Next week finds the Lakers competiting in the MIAA Individual Championships. Team members are poised to do well - and are motivated to represent their team with the determination and focus that have served them so well throughout the season. The coaches couldn't be more proud of the boys; and are enthusiastic about the the development that no doubt awaits them in the time ahead.

Final Score:  Boys’ Latin 9.5 / John Carroll 11.5

Boys’ Latin vs. Calvert Hall

April 27, 2006

Five Laker team members held a lead during the back six holes during their match against conference rival, Calvert Hall - and one by one, the leads disapated, until finally converting to halved matches or losses after the conclusion of the twelvth hole.

It should be noted however, that in order to play into such an initially favorably position, Boys' Latin had to overcome being swept six points to zero on the front six holes. When the sixth golfer finished the sixth hole, the Lakers had slipped to a 0-6 position in the match. Yet, the team's inability to accept defeat boosted its hopes - and the players set out to turn things around.

The Lakers should be commended for their ability to do so - as each team member shook off the front six results and grinded out a quick lead on the back. It was unfortunately, a lead that would eventually be lost; but it permitted the bright light of possibility to shine on the Lakers hopes for the future. This glimmer of optimism is the beacon to which the Lakers are drawn in the time ahead.

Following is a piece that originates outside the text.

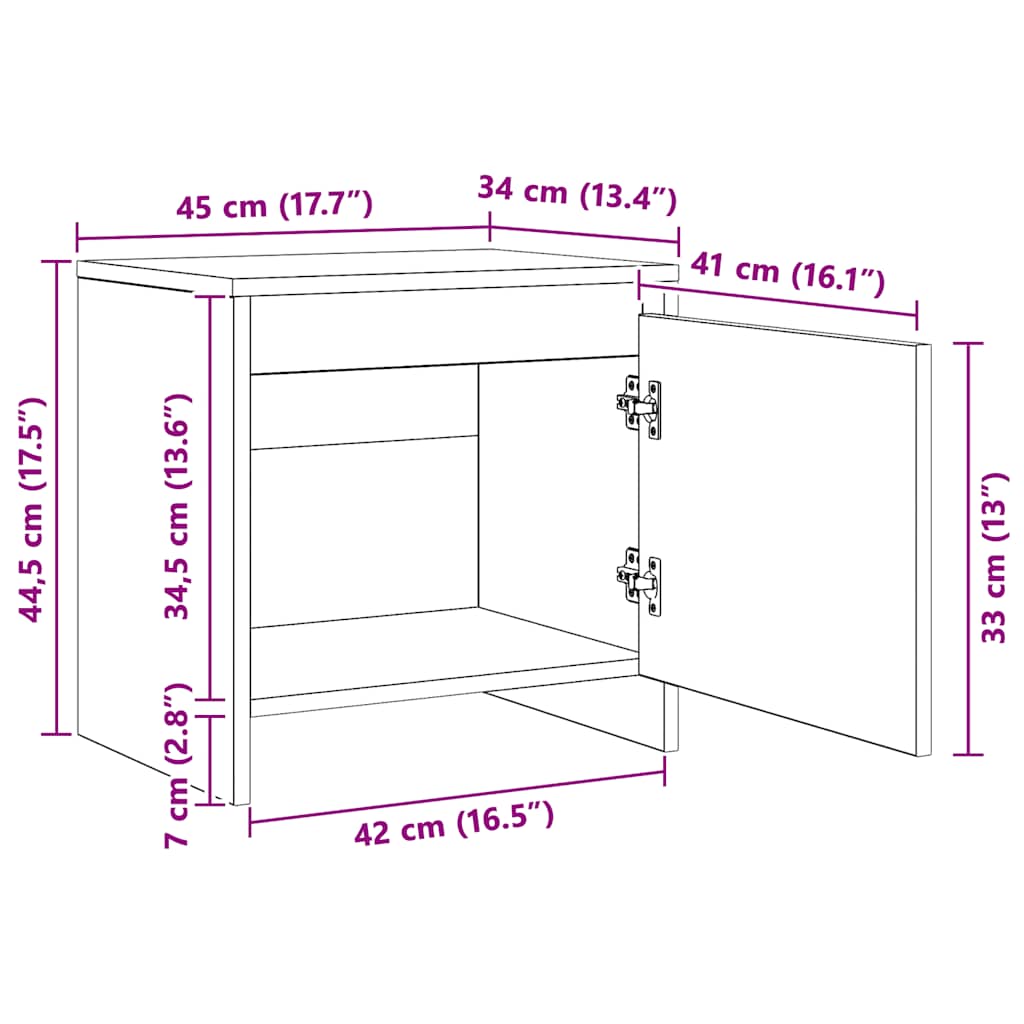 Ta nočna omarica z elegantnim dizajnom je brezčasen dodatek za vaše notranje prostore. Konstrukcija te nočne omarice zagotavlja njeno trdnost, vzdržljivost in dolgotrajnost. Opremljena je z 1 vrati, zato nočna omarica zagotavlja veliko prostora za organizirano shranjevanje vaših revij, knjig, daljinskih upravljalnikov in drugih majhnih stvari na dosegu roke. Čiščenje je preprosto, z vlažno krpo.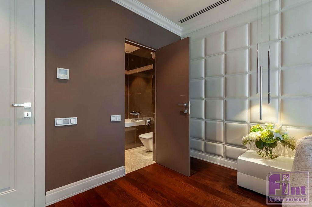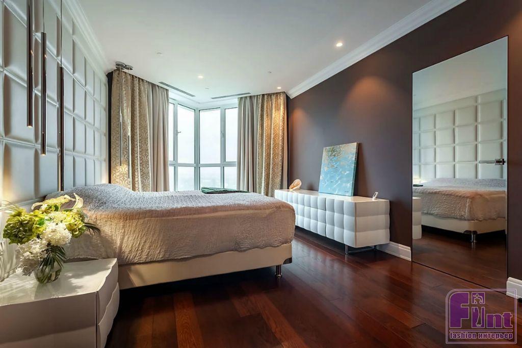 Хозяйская спальня – единственное помещение в квартире, дополненное шторами. Эркерное панорамное окно задрапировано плотными портьерами на специально изготовленных на заказ карнизах. Интерьер спальни также оформлен на контрасте светлого и тёмного, поскольку стены окрашены в глубокий терракотовый оттенок, а мебель, текстиль и аксессуары подобраны в светлой цветовой гамме. Стена над изголовьем кровати оформлена с помощью объёмных мягких блоков.

Senior, Michael Gallagher deserves special recognition for his showing against Calvert Hall. Michael boasted his finest performance of the season - nearly holing a fairway wood shot for eagle from 220 yards on the fifth hole and following it up with another excellent approach shot that burned the edge of the hole for eagle on the 9th. Micahel's percision with his iron shots and fairway woods has grown to significant porpotions and the remainer of the season promises to be eventful for the quietly confident Laker upperclassman.

At the end of the day, team members were distraught but remained optimistic about their progression. Said the coaches "For this team to be competitive in this conference in 2006 is an accomplishment in itself. Do not focus on the record. Focus instead on your development as an individual and your development as a team. We're young. But the thing about being young is that you're always growing. And this team is growing into something special. Concentrate on the development. The wins are just a byproduct of something much, much larger. And they'll come eventually. That's for certain."

The final match of the season promises to be worthy of attention. John Carroll, also without a win for the season, is the last opponent that Boys' Latin will face. Each team hungry for its first victory and each determined to taste such an achievement before season's end, the battle that will pit John Carroll against Boys' Latin will no doubt be full of highlights.

Final Score:  Boys’ Latin 2 / Calvert Hall 19

Boys’ Latin vs. Archbishop Spalding

April 21, 2006

As C.S. Lewis once said, “Sometimes the longest way ‘round is the shortest way home.”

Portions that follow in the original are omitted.